On Thu, Feb 23, 2012 at 1:57 PM, Alan Stearns <stearns@adobe.com> wrote:
> On 2/23/12 1:44 PM, "David Singer" <singer@apple.com> wrote:
>> When vendors *intend* to be implementing the same spec., I think the pressure
>> should be on them to fix their bugs; relieving that pressure by writing
>> vendor-specific rules only alleviates the pressure.
>>
>> However, one obvious alternative is to have each vendor implement both their
>> prefix and the 'group' prefix,m as suggested above, and evangelize the public
>> 'group' prefix, so web pages can be written using the common definition.
>
> One possibility that just popped into my mind is to have the group prefix be
> '-test-'
>
> So for new property 'bleen' WebKit could implement -webkit-bleen and
> -test-bleen.
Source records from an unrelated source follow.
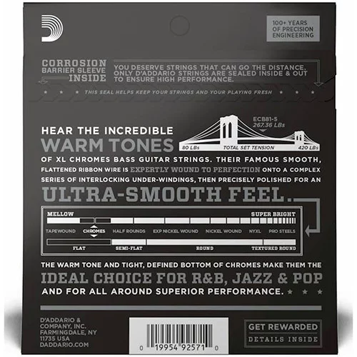 Хромирование обеспечивает глубокое, богатое звучание в самом низу диапазона, благодаря которому эти струны являются хорошим выбором для исполнителей в стилях джазовой, R&B и поп-музыки.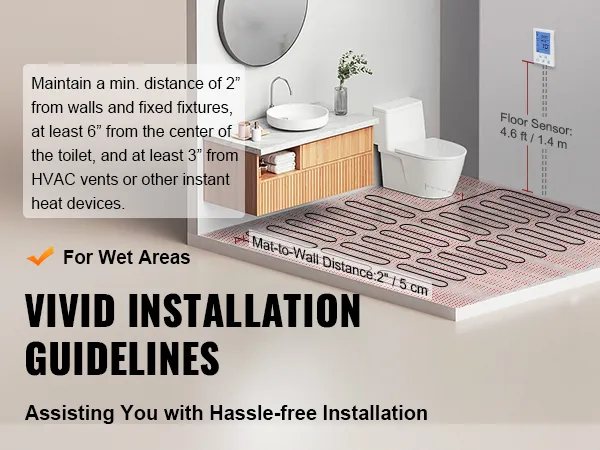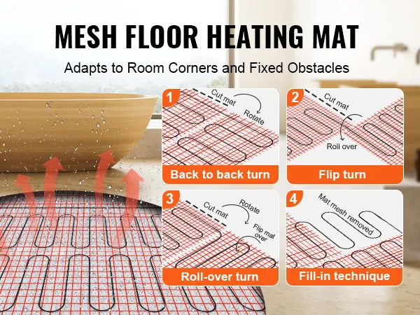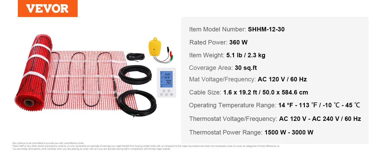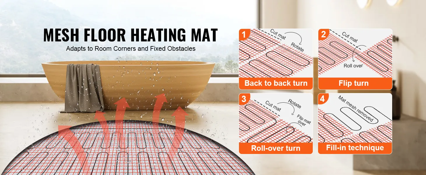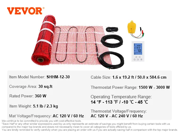 Nuestro tapete de calefacción de piso eléctrico VEVOR incluye un termostato programable de 4 eventos/7 días con protección GFCI requerida por código. Los tapetes Heatwave Floor Heating se pueden colocar de muchas maneras y son reversibles para acomodar áreas de varias formas.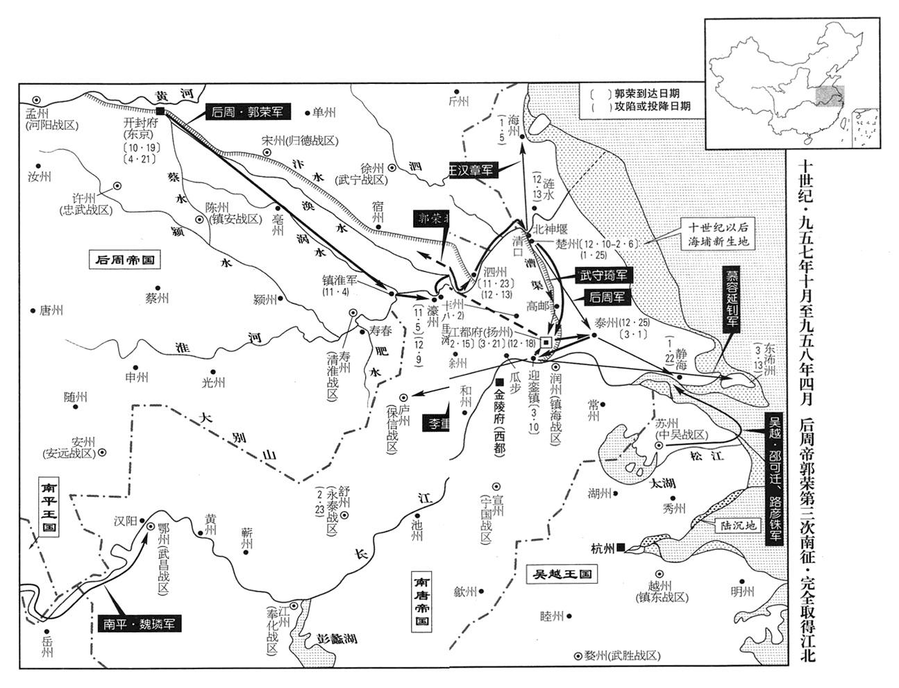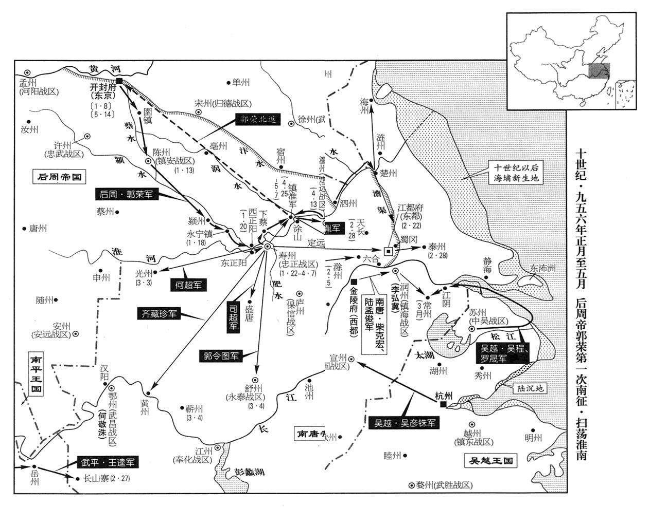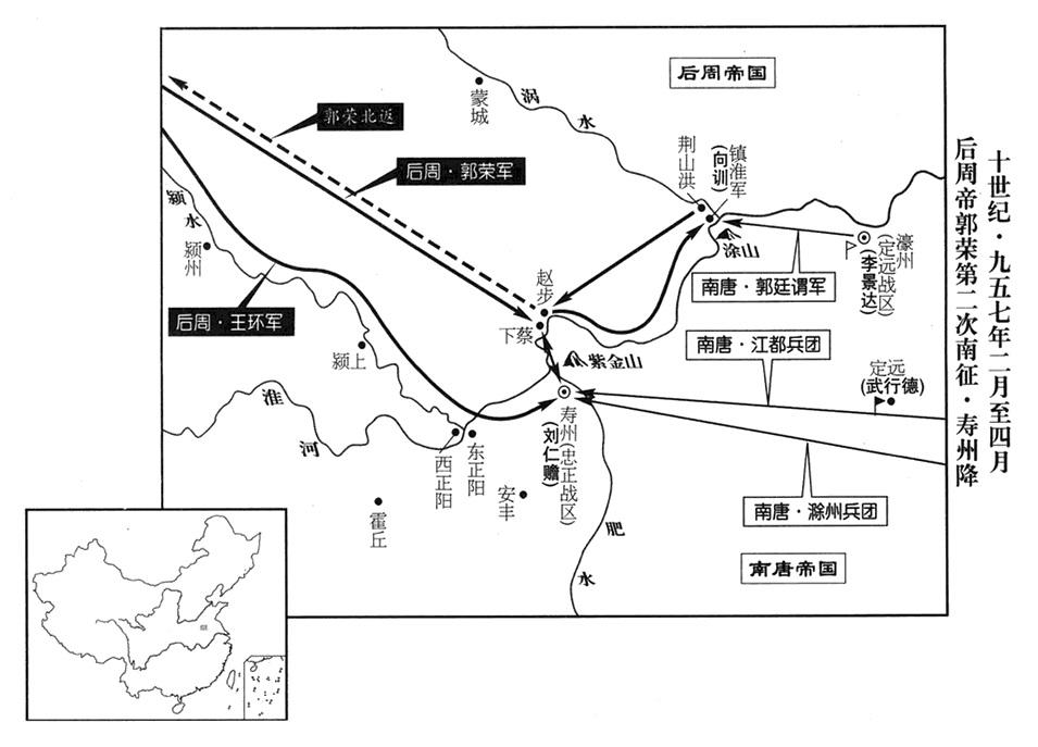 正月十三日,郭荣抵达陈州(河南省淮阳县),立即派李重进率军急行军直向淮河。

Mozilla would implement -moz-bleen and -test-bleen.
>
> When evangelizing, we'd encourage experiments with the -test- version, and
> the word 'test' seems to me more of a red flag on production use than any
> proposal I've seen yet.

I'll be more explicit: a shared prefix solves a minor problem with
prefixes, makes the major problem worse, and introduces entirely new
and exciting problems.  Its positives are well outweighed by its
negatives.

In particular, the major problem with prefixes is that a combination
of the time features stay prefixed and the way authors use prefixes
means that prefixes commonly become "fixed" (particularly for WebKit
since multiple browsers use the same prefix and the market-share in
some contexts is interesting).  A shared prefix makes this *worse*,
because while current prefixes are fragmented across pages, this would
make *every* use of an experimental feature look the same, which means
the "are we stuck with it yet?" accumulator shoots up way faster.
-webkit- is already frozen on the web for compat now.  This would make
virtually *every* prefixed feature freeze due to compat.

The small problem it fixes is authors being annoyed at writing 2-4
prefixed versions of a property.  This is largely a result of us, the
CSSWG, being slow and kinda being assholes (myself included) about not
moving things quickly when they're obviously stable.  This is a
fixable problem on the process side without having to change anything
outward.

The new problem it introduces is that the shared prefix may be
interpreted differently on different browsers, or have bugs in
different browsers that require different hacks in how you write it.
This is not helped by simultaneously supporting vendor-specific
prefixes - if the web depends on a particular behavior of the shared
prefix, new browsers will have to match that behavior anyway (or just
cause authors pain).


> Tests could be written using -test-bleen, which is a solution for the
> currently unresolved issue of how to write and run tests when only
> vendor-prefixed versions exist. Once we get to the point of dropping
> prefixes, the test suite could be converted to drop -test- as well.

This does not need a change to the language's syntax.  You just need
to use JS to sniff the appropriate prefix in your test and use it.